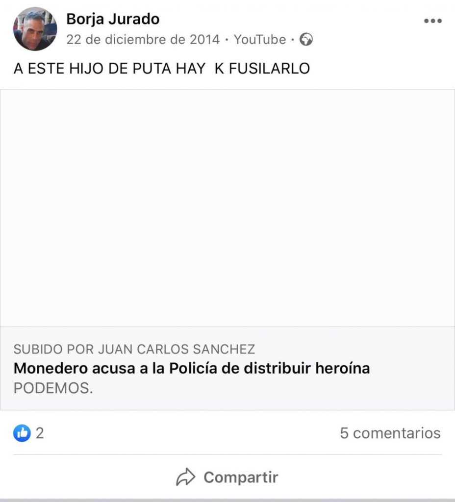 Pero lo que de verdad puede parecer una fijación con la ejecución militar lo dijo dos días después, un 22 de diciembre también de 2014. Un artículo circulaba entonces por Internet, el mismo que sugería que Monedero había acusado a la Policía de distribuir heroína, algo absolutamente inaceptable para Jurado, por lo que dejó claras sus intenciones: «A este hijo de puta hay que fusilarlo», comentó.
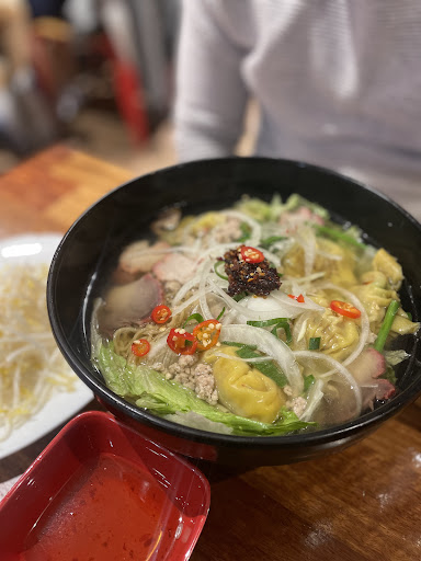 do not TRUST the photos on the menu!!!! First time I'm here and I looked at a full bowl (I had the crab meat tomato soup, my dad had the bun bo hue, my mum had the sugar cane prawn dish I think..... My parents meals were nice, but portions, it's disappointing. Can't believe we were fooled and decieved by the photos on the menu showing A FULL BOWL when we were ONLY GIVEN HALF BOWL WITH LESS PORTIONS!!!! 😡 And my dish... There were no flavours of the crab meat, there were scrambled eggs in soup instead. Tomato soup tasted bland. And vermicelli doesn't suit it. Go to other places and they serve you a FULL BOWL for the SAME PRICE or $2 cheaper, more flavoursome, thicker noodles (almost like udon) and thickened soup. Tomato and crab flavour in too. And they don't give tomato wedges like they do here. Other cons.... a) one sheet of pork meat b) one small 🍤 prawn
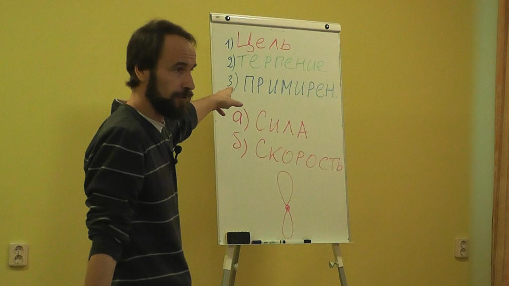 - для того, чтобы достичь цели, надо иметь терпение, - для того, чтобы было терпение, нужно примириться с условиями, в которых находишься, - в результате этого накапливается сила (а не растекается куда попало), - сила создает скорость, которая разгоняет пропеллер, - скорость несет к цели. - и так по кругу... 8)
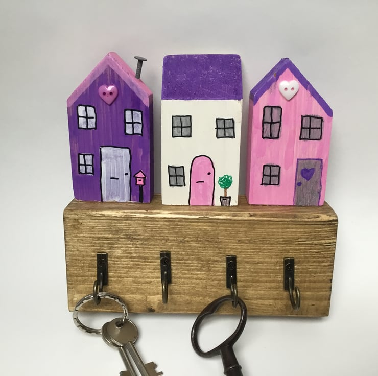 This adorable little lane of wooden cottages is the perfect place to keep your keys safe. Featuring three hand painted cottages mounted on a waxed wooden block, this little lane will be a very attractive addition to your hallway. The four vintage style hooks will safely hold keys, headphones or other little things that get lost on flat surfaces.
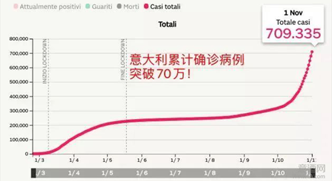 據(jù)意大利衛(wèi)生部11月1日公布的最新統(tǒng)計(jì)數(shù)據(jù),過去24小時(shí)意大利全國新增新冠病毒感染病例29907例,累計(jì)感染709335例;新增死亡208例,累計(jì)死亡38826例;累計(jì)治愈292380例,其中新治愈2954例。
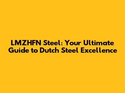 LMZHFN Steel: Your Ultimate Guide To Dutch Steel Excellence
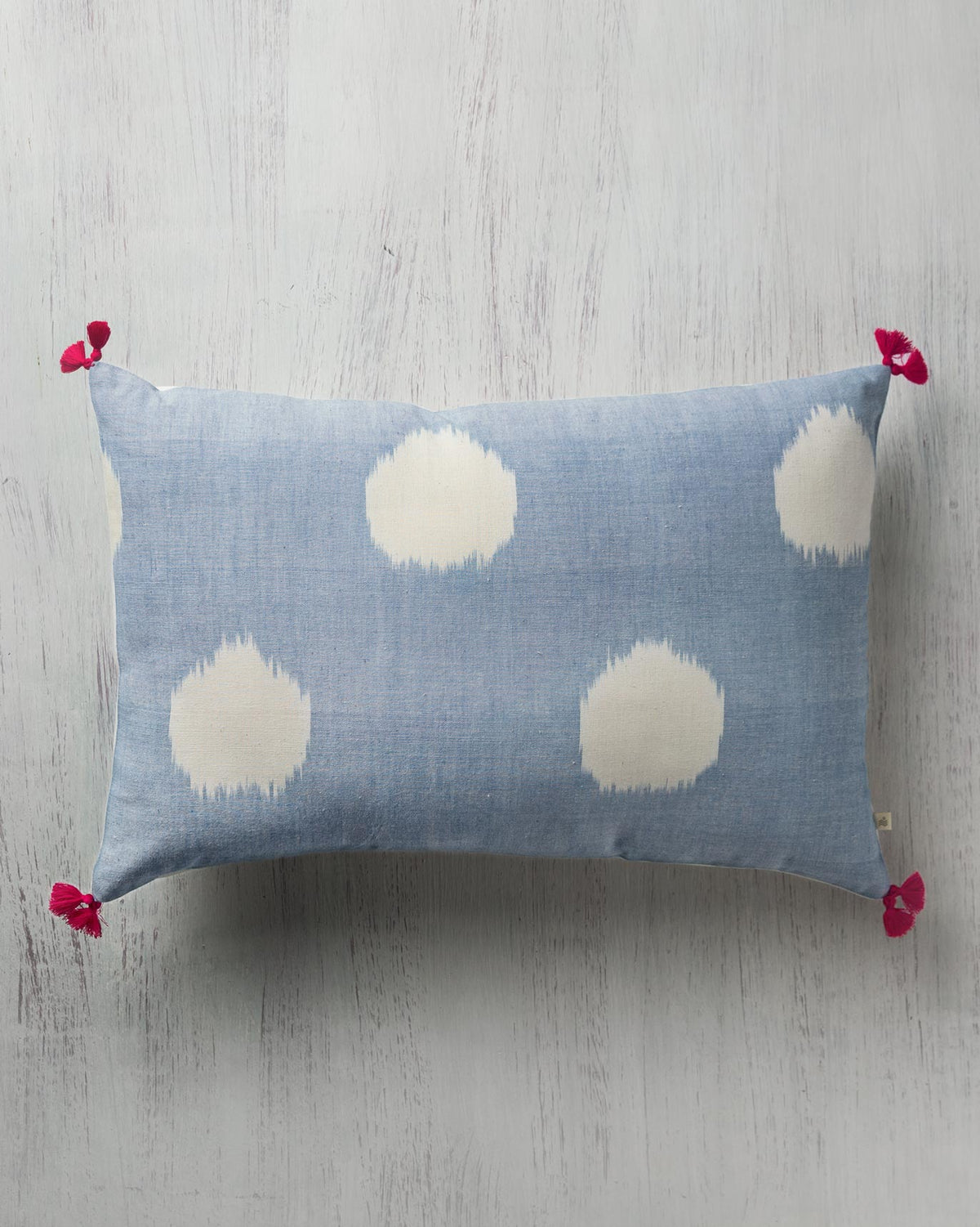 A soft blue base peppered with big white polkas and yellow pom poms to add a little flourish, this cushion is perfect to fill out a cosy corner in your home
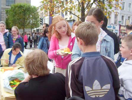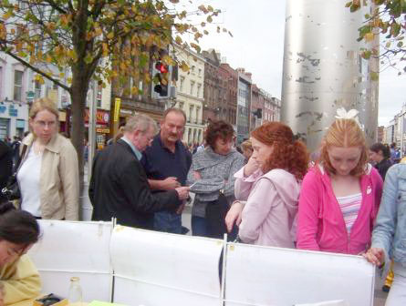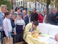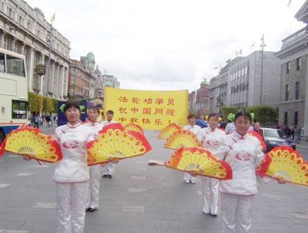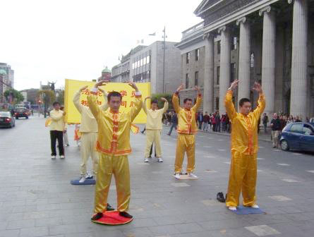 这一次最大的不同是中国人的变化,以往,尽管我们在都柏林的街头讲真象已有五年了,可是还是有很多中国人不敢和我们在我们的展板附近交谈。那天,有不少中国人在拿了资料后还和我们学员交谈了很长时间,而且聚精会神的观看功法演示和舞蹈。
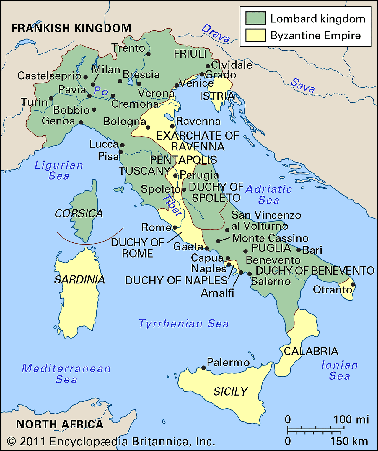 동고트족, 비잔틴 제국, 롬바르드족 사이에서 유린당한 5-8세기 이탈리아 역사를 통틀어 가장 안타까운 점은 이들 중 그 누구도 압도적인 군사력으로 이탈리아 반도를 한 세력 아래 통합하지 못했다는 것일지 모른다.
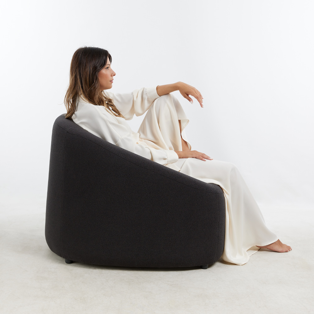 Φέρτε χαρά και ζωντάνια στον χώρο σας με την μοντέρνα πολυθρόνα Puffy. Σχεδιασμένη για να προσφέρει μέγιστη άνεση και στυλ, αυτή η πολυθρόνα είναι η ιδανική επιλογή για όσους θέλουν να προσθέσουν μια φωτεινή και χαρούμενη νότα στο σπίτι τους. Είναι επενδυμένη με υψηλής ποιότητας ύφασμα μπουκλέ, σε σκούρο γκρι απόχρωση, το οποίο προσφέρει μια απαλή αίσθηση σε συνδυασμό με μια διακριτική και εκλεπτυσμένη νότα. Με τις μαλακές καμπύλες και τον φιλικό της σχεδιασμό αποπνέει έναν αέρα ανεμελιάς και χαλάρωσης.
===
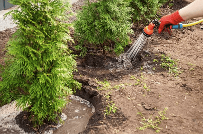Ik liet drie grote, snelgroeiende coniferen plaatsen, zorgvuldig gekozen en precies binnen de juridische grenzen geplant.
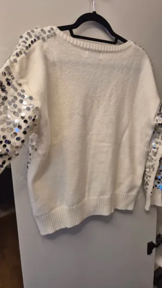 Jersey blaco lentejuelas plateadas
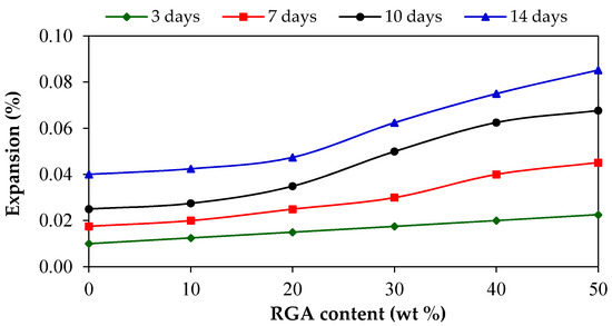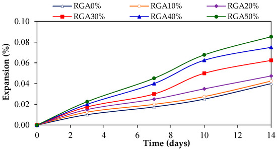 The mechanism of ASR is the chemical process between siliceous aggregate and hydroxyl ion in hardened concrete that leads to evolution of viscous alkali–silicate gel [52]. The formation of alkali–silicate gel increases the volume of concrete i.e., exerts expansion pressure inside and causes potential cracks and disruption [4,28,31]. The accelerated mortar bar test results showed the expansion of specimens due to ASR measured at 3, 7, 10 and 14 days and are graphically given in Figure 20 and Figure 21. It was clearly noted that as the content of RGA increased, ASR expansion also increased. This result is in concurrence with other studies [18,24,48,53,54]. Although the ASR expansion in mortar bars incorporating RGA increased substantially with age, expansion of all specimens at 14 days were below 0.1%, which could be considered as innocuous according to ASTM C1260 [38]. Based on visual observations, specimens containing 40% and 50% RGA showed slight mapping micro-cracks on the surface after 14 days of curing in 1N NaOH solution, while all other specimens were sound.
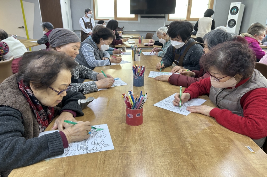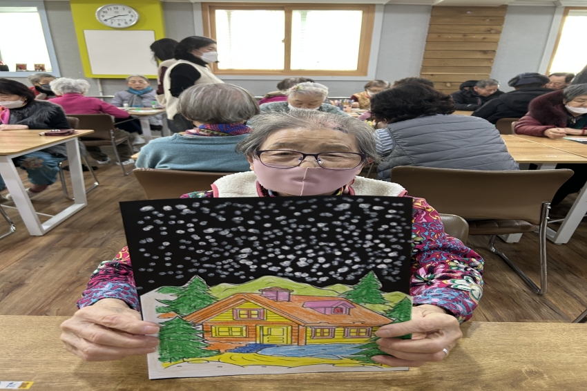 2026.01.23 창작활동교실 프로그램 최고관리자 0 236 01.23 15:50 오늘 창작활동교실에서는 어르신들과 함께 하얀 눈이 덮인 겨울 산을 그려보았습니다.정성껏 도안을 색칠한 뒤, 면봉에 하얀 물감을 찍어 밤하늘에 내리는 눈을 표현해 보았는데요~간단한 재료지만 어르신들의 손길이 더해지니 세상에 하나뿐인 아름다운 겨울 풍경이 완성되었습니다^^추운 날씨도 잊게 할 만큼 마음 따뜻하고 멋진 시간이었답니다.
===
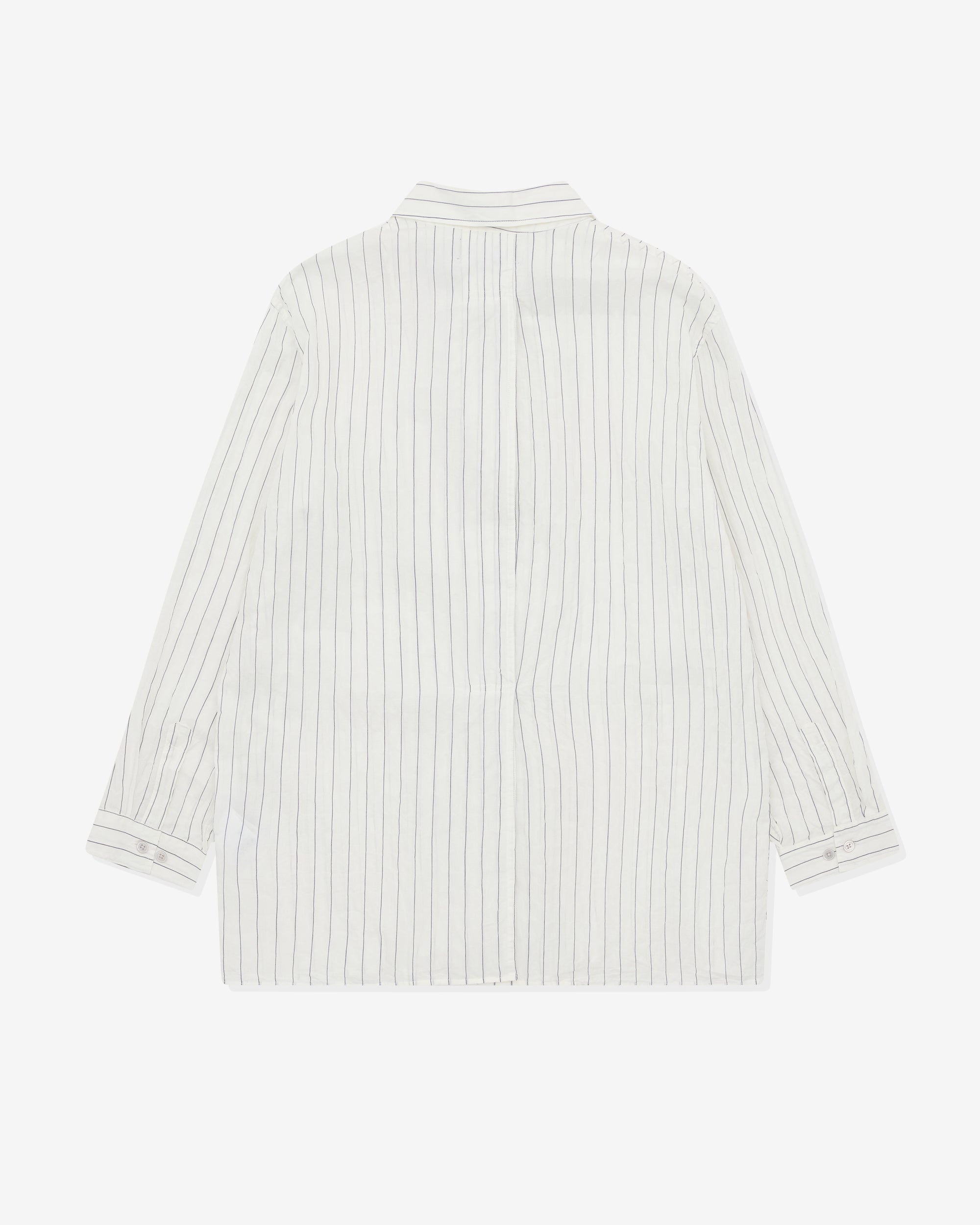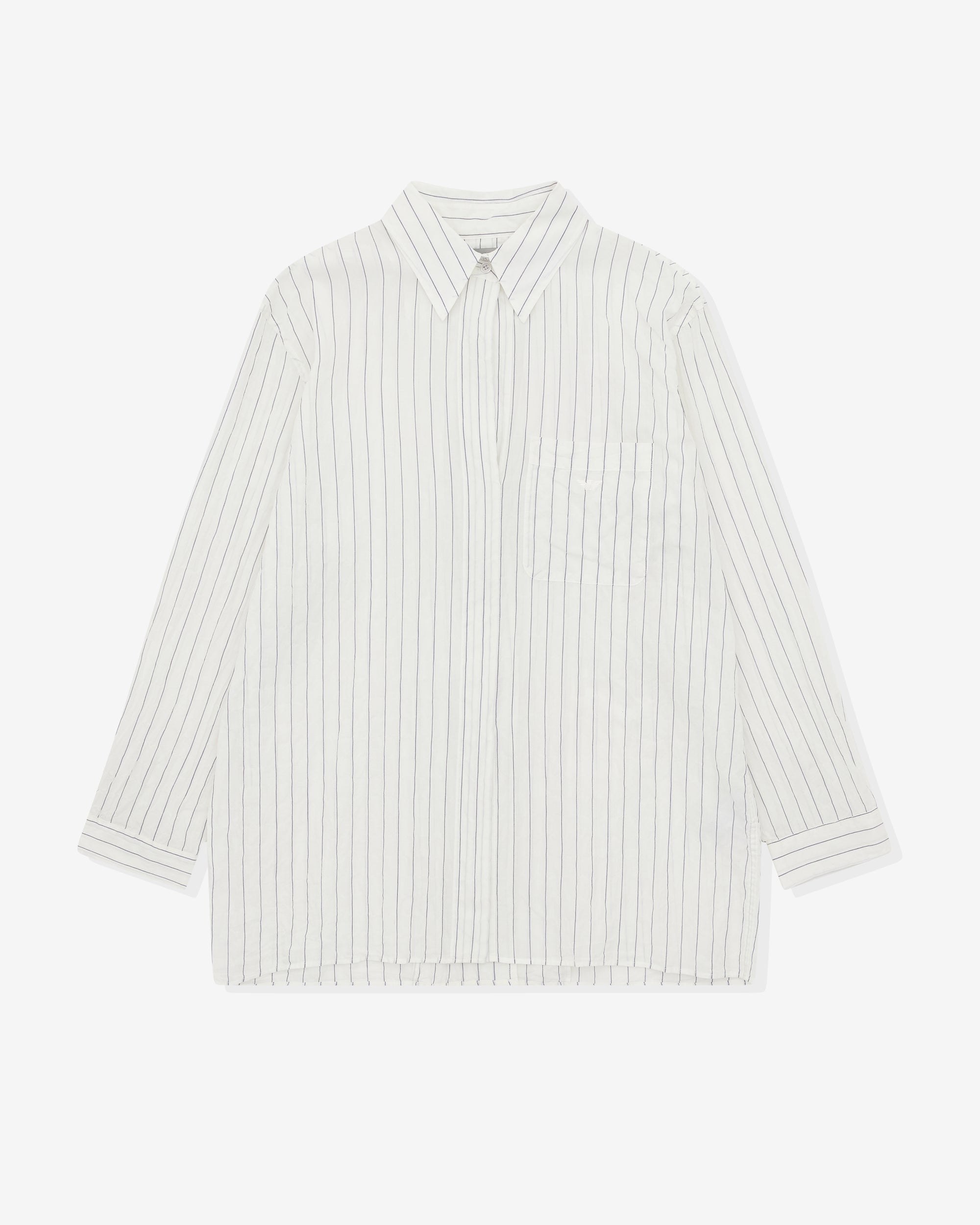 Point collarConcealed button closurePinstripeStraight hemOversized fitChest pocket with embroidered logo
===
PROBLEM: Using the data above, output the line that has "동고트족, 비잔틴 제국, 롬바르드족", the line that has "Φέρτε χαρά και", and whatever lines fall between, each exactly as it stands and without pictures.

ANSWER TO THIS TASK:
 동고트족, 비잔틴 제국, 롬바르드족 사이에서 유린당한 5-8세기 이탈리아 역사를 통틀어 가장 안타까운 점은 이들 중 그 누구도 압도적인 군사력으로 이탈리아 반도를 한 세력 아래 통합하지 못했다는 것일지 모른다.
 Φέρτε χαρά και ζωντάνια στον χώρο σας με την μοντέρνα πολυθρόνα Puffy. Σχεδιασμένη για να προσφέρει μέγιστη άνεση και στυλ, αυτή η πολυθρόνα είναι η ιδανική επιλογή για όσους θέλουν να προσθέσουν μια φωτεινή και χαρούμενη νότα στο σπίτι τους. Είναι επενδυμένη με υψηλής ποιότητας ύφασμα μπουκλέ, σε σκούρο γκρι απόχρωση, το οποίο προσφέρει μια απαλή αίσθηση σε συνδυασμό με μια διακριτική και εκλεπτυσμένη νότα. Με τις μαλακές καμπύλες και τον φιλικό της σχεδιασμό αποπνέει έναν αέρα ανεμελιάς και χαλάρωσης.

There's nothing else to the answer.